▸ Exercise objective:
All lines in the records below from the line with "High-quality cutout photo" through the line with "I attempted to" are to be given again exactly, both ends included; the pictures are to be left out.

▸ The data:
━━━━━━

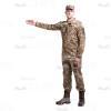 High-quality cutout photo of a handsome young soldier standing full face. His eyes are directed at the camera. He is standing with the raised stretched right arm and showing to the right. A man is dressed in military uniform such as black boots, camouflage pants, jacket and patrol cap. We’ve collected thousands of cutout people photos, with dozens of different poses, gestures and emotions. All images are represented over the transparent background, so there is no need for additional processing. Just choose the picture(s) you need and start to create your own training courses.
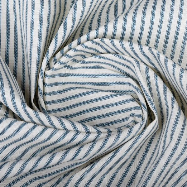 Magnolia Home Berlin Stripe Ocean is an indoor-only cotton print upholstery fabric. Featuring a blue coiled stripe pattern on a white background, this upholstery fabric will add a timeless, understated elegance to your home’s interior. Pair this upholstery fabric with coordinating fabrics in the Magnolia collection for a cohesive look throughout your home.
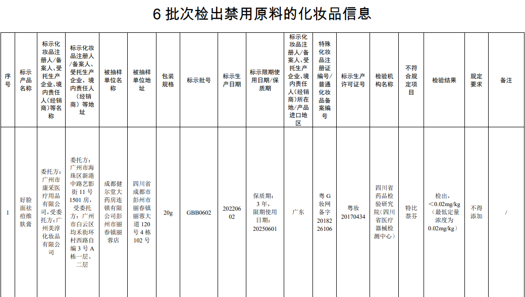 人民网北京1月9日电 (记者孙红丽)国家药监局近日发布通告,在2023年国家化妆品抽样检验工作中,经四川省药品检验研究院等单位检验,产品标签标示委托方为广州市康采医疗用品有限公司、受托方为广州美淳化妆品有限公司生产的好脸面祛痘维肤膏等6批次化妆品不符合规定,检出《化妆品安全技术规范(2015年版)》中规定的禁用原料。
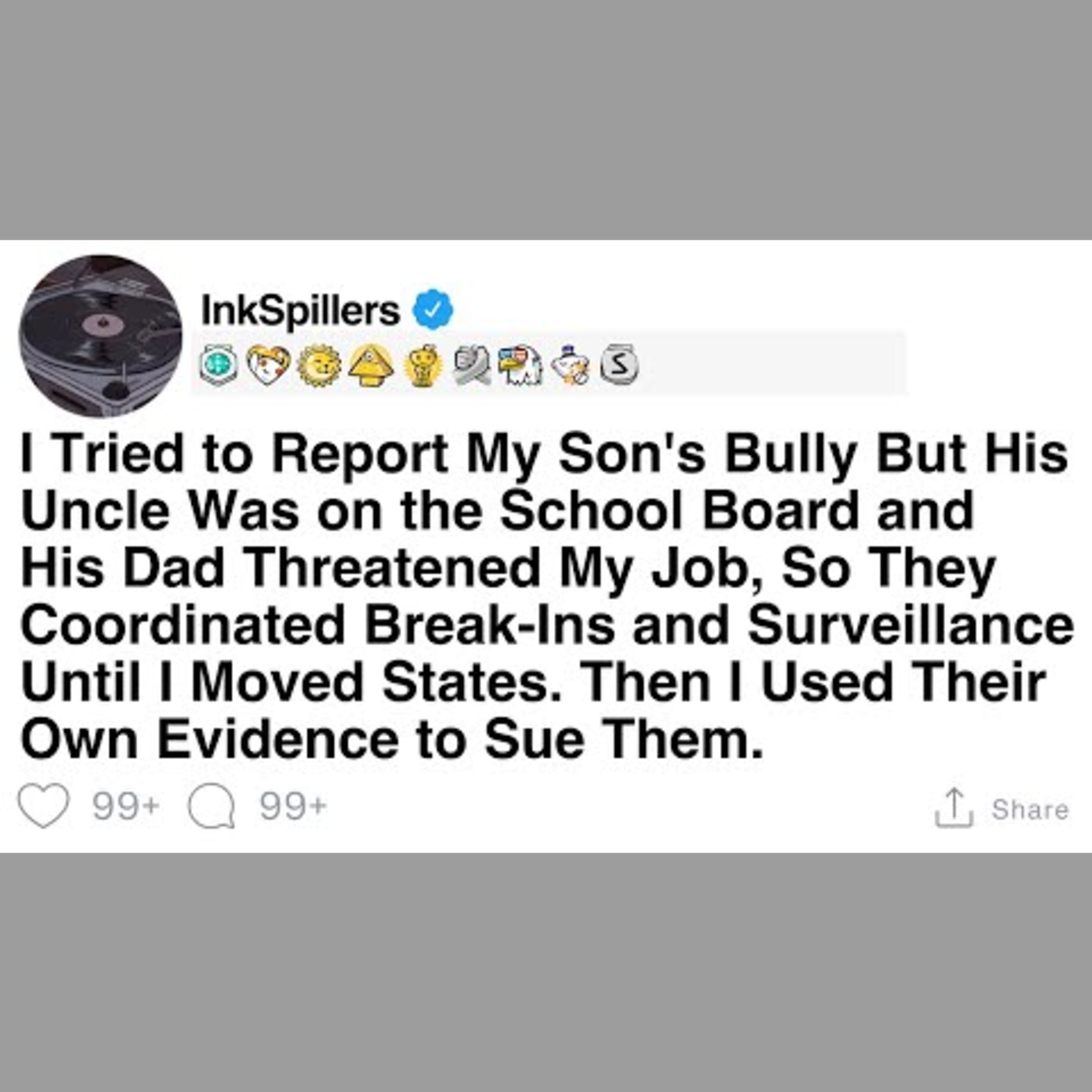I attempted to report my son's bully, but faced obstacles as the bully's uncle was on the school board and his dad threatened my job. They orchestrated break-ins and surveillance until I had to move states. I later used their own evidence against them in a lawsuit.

━━━━━━

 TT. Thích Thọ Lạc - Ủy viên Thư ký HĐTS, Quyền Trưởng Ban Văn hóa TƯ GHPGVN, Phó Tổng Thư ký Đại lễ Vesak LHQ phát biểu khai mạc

━━━━━━

▸ Task answer:
 High-quality cutout photo of a handsome young soldier standing full face. His eyes are directed at the camera. He is standing with the raised stretched right arm and showing to the right. A man is dressed in military uniform such as black boots, camouflage pants, jacket and patrol cap. We’ve collected thousands of cutout people photos, with dozens of different poses, gestures and emotions. All images are represented over the transparent background, so there is no need for additional processing. Just choose the picture(s) you need and start to create your own training courses.
 Magnolia Home Berlin Stripe Ocean is an indoor-only cotton print upholstery fabric. Featuring a blue coiled stripe pattern on a white background, this upholstery fabric will add a timeless, understated elegance to your home’s interior. Pair this upholstery fabric with coordinating fabrics in the Magnolia collection for a cohesive look throughout your home.
 人民网北京1月9日电 (记者孙红丽)国家药监局近日发布通告,在2023年国家化妆品抽样检验工作中,经四川省药品检验研究院等单位检验,产品标签标示委托方为广州市康采医疗用品有限公司、受托方为广州美淳化妆品有限公司生产的好脸面祛痘维肤膏等6批次化妆品不符合规定,检出《化妆品安全技术规范(2015年版)》中规定的禁用原料。
I attempted to report my son's bully, but faced obstacles as the bully's uncle was on the school board and his dad threatened my job. They orchestrated break-ins and surveillance until I had to move states. I later used their own evidence against them in a lawsuit.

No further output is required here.